Exercise prompt
Retype the lines below exactly, but only those from the line that has "サツマイモを植える予定だった" through the line that has "How to get a". Omit every picture.

Records for the exercise
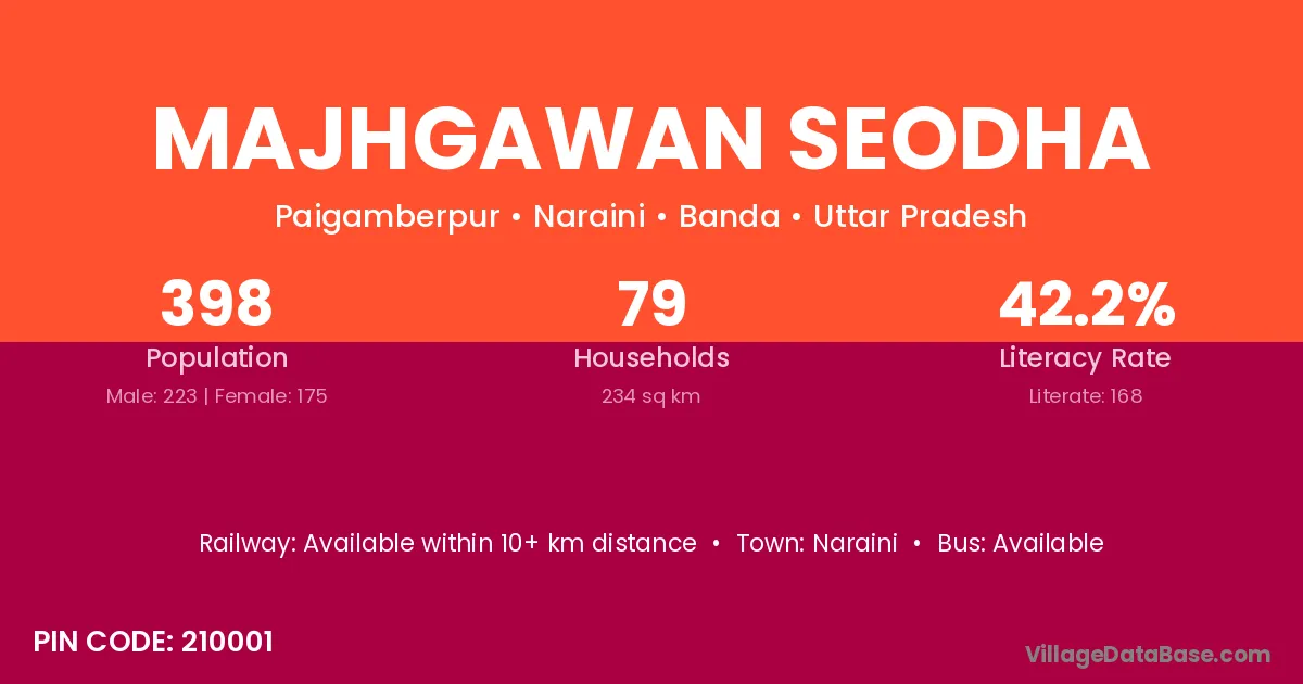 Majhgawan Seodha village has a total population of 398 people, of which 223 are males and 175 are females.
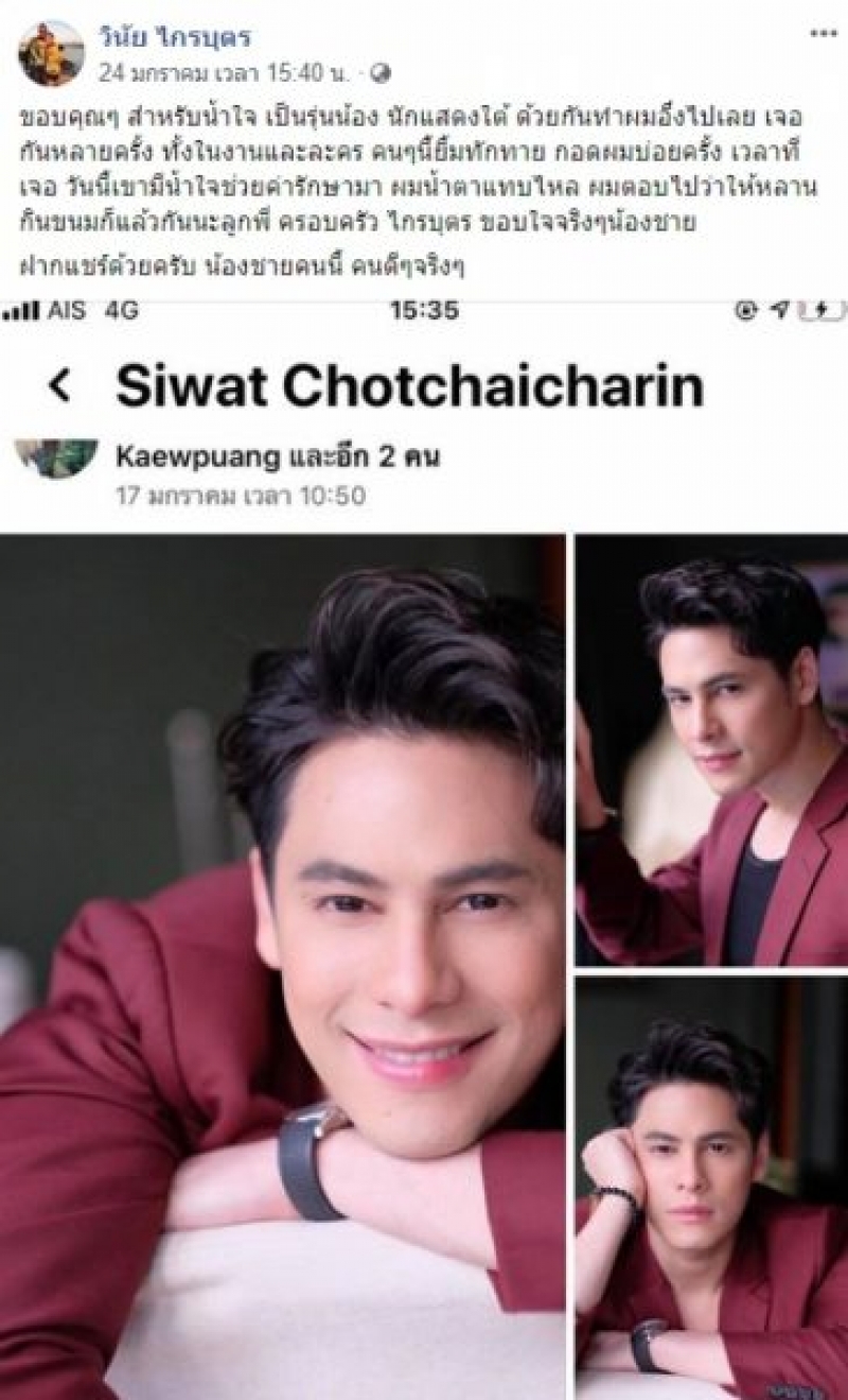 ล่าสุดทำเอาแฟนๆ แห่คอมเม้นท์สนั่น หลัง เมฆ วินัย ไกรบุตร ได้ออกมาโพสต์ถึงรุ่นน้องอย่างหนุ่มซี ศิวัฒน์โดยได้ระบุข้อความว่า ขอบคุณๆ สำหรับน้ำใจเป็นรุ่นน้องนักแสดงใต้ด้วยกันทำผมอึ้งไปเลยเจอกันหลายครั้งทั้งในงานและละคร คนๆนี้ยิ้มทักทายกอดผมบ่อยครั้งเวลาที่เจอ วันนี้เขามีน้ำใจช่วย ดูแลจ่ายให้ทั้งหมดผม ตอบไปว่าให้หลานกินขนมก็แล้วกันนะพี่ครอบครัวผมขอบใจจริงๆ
* * *
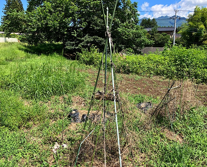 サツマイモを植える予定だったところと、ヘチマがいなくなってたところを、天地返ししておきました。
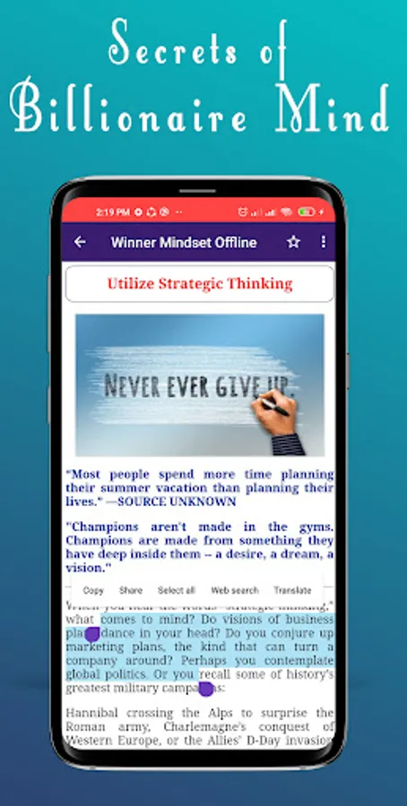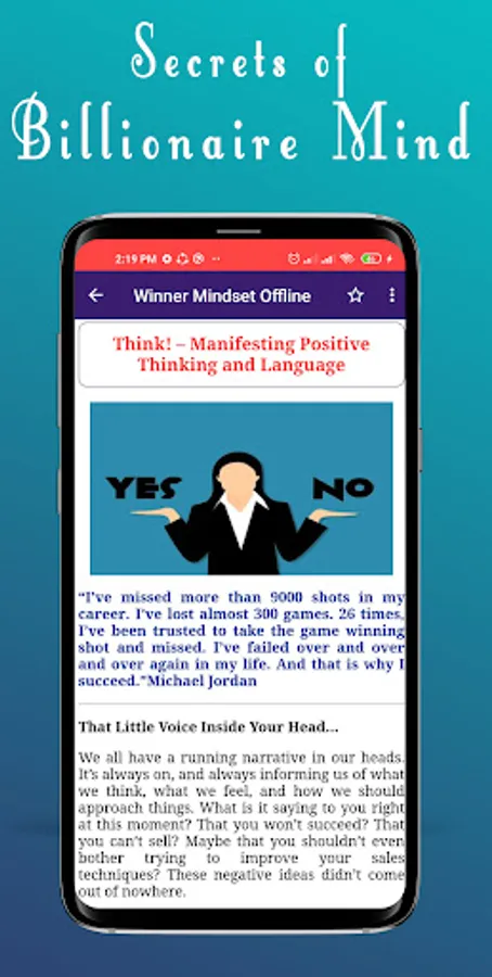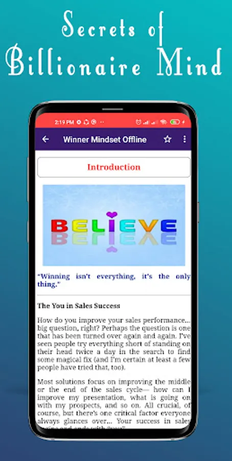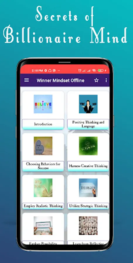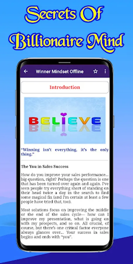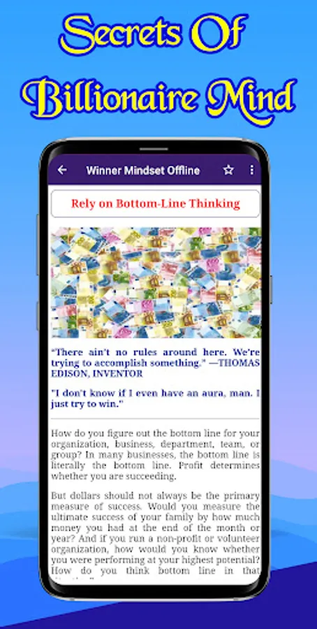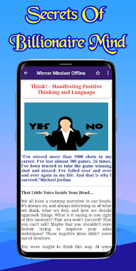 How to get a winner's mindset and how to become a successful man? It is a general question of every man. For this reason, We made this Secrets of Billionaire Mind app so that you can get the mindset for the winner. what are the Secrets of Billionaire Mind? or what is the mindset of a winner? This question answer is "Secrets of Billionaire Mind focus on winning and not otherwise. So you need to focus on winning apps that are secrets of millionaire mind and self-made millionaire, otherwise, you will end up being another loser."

Reply to the exercise
 サツマイモを植える予定だったところと、ヘチマがいなくなってたところを、天地返ししておきました。
 How to get a winner's mindset and how to become a successful man? It is a general question of every man. For this reason, We made this Secrets of Billionaire Mind app so that you can get the mindset for the winner. what are the Secrets of Billionaire Mind? or what is the mindset of a winner? This question answer is "Secrets of Billionaire Mind focus on winning and not otherwise. So you need to focus on winning apps that are secrets of millionaire mind and self-made millionaire, otherwise, you will end up being another loser."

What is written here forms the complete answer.